- **DIRECTIONS FOR THIS TASK**: Of the material below, the lines to be retyped are those from the line containing "In der Friedhofskapelle" through the line containing "Barrel-shaped perfume bottle", inclusive; reproduce them exactly.

- **SUPPLIED RECORDS**:
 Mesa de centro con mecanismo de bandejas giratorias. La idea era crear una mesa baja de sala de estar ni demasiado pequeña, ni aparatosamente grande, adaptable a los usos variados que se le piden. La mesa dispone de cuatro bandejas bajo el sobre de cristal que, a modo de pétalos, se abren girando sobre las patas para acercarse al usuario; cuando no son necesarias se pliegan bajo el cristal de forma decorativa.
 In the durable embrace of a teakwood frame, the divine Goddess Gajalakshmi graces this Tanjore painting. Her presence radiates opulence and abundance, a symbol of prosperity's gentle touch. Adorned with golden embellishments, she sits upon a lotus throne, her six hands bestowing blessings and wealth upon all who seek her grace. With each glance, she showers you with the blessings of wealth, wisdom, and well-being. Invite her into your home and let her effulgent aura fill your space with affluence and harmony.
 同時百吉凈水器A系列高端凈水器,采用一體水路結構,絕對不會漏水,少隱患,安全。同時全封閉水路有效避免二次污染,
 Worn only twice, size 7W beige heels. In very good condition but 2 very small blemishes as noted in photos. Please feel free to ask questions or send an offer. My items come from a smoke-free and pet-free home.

...

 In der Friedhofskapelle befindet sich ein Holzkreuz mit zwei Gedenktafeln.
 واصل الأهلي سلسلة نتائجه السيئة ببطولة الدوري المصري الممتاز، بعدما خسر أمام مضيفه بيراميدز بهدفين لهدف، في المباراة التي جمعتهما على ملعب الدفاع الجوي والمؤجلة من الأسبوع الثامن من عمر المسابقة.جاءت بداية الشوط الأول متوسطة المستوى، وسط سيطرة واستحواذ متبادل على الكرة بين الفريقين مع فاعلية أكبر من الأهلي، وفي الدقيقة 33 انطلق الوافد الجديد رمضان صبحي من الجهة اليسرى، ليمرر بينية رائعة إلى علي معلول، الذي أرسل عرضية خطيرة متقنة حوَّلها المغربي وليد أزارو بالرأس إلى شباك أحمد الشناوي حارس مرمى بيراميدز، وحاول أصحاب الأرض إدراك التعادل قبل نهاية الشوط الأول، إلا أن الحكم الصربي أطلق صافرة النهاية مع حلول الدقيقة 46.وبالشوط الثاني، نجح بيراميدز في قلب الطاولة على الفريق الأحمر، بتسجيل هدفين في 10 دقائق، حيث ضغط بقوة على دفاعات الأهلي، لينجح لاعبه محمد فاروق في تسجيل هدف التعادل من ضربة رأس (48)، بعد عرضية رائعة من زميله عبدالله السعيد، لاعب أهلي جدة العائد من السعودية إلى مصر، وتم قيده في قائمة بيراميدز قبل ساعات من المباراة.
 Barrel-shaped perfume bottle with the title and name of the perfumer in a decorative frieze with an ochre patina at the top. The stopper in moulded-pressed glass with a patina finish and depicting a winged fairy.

--

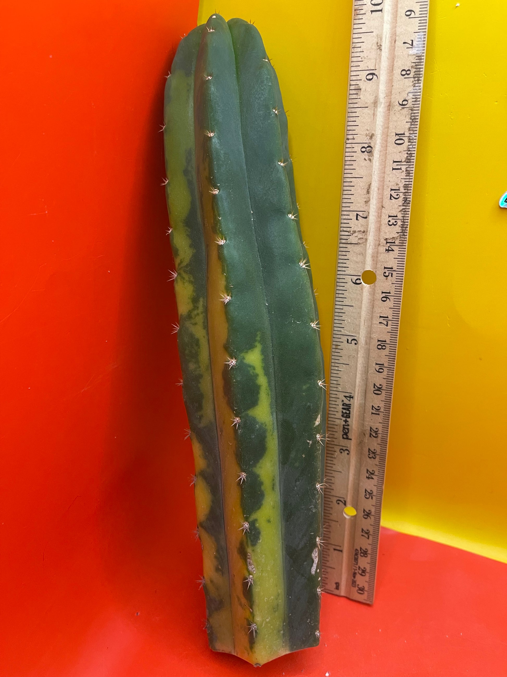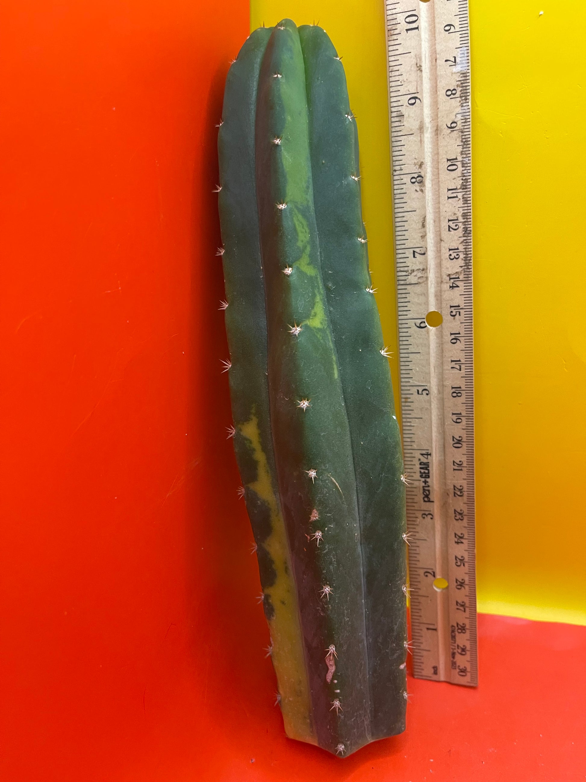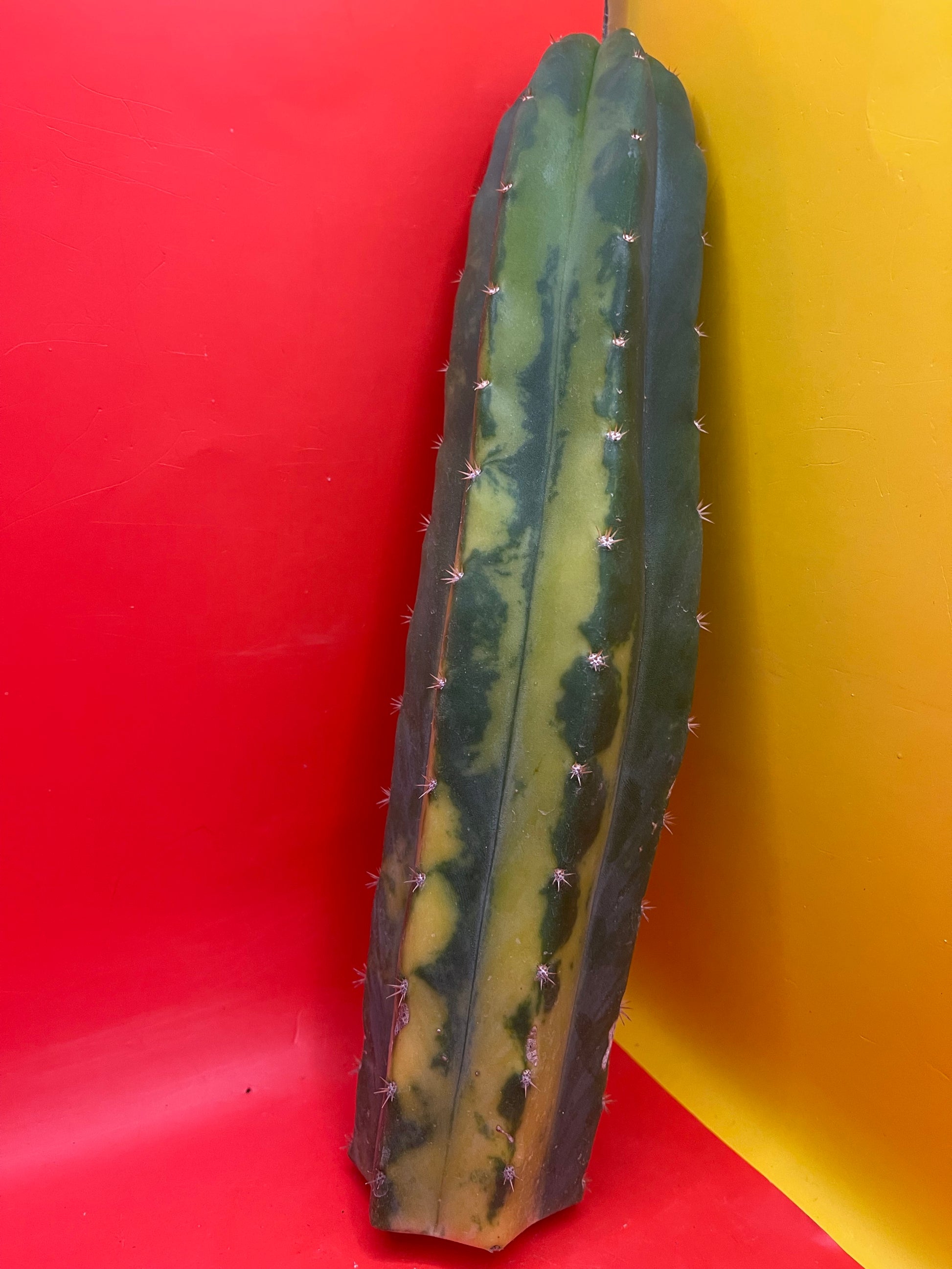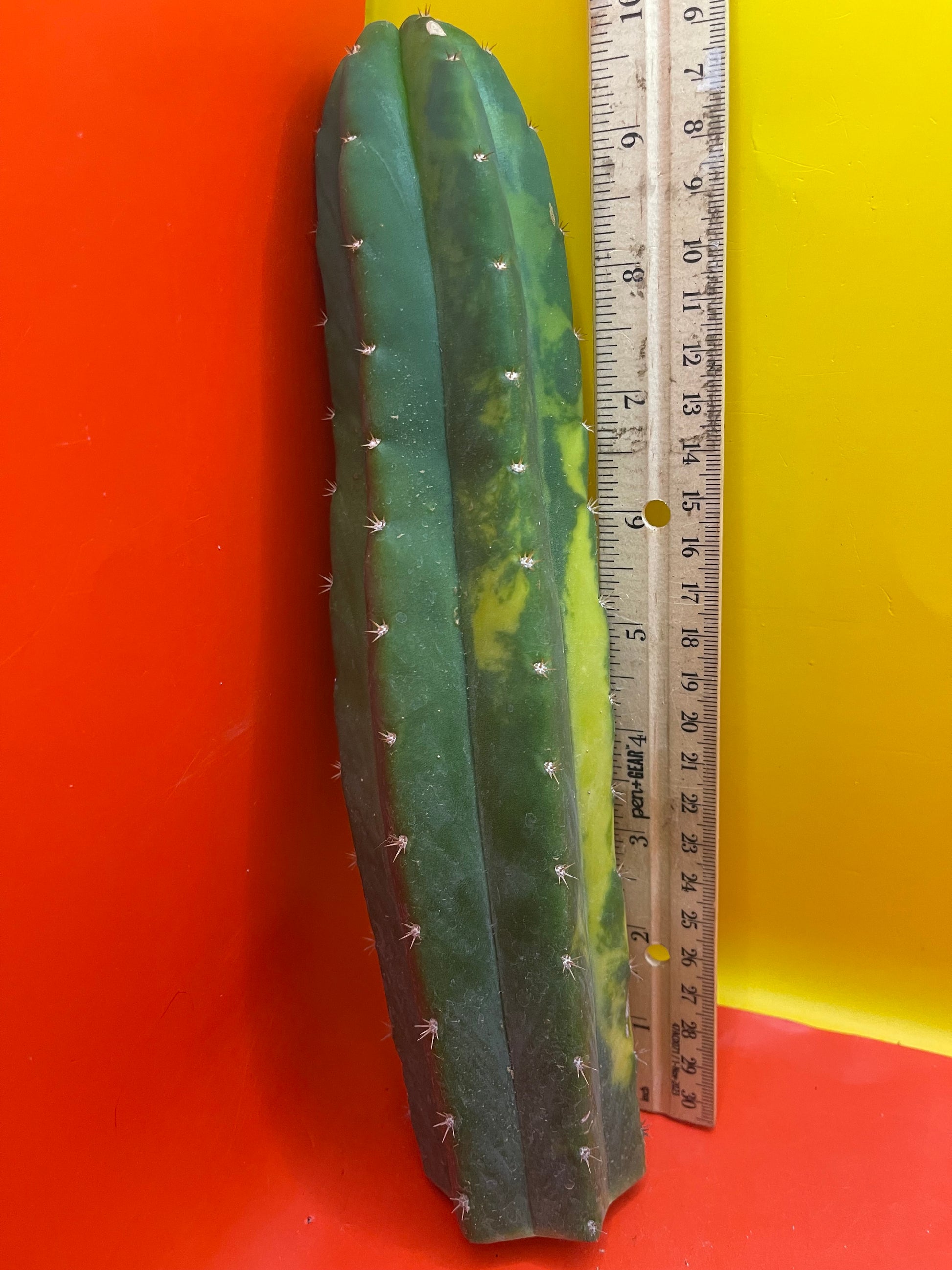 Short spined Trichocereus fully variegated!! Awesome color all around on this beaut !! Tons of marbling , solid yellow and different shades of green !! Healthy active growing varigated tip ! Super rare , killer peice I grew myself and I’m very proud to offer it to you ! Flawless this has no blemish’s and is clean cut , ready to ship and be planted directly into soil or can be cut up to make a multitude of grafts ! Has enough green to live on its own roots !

- **EXERCISE ANSWER**:
 In der Friedhofskapelle befindet sich ein Holzkreuz mit zwei Gedenktafeln.
 واصل الأهلي سلسلة نتائجه السيئة ببطولة الدوري المصري الممتاز، بعدما خسر أمام مضيفه بيراميدز بهدفين لهدف، في المباراة التي جمعتهما على ملعب الدفاع الجوي والمؤجلة من الأسبوع الثامن من عمر المسابقة.جاءت بداية الشوط الأول متوسطة المستوى، وسط سيطرة واستحواذ متبادل على الكرة بين الفريقين مع فاعلية أكبر من الأهلي، وفي الدقيقة 33 انطلق الوافد الجديد رمضان صبحي من الجهة اليسرى، ليمرر بينية رائعة إلى علي معلول، الذي أرسل عرضية خطيرة متقنة حوَّلها المغربي وليد أزارو بالرأس إلى شباك أحمد الشناوي حارس مرمى بيراميدز، وحاول أصحاب الأرض إدراك التعادل قبل نهاية الشوط الأول، إلا أن الحكم الصربي أطلق صافرة النهاية مع حلول الدقيقة 46.وبالشوط الثاني، نجح بيراميدز في قلب الطاولة على الفريق الأحمر، بتسجيل هدفين في 10 دقائق، حيث ضغط بقوة على دفاعات الأهلي، لينجح لاعبه محمد فاروق في تسجيل هدف التعادل من ضربة رأس (48)، بعد عرضية رائعة من زميله عبدالله السعيد، لاعب أهلي جدة العائد من السعودية إلى مصر، وتم قيده في قائمة بيراميدز قبل ساعات من المباراة.
 Barrel-shaped perfume bottle with the title and name of the perfumer in a decorative frieze with an ochre patina at the top. The stopper in moulded-pressed glass with a patina finish and depicting a winged fairy.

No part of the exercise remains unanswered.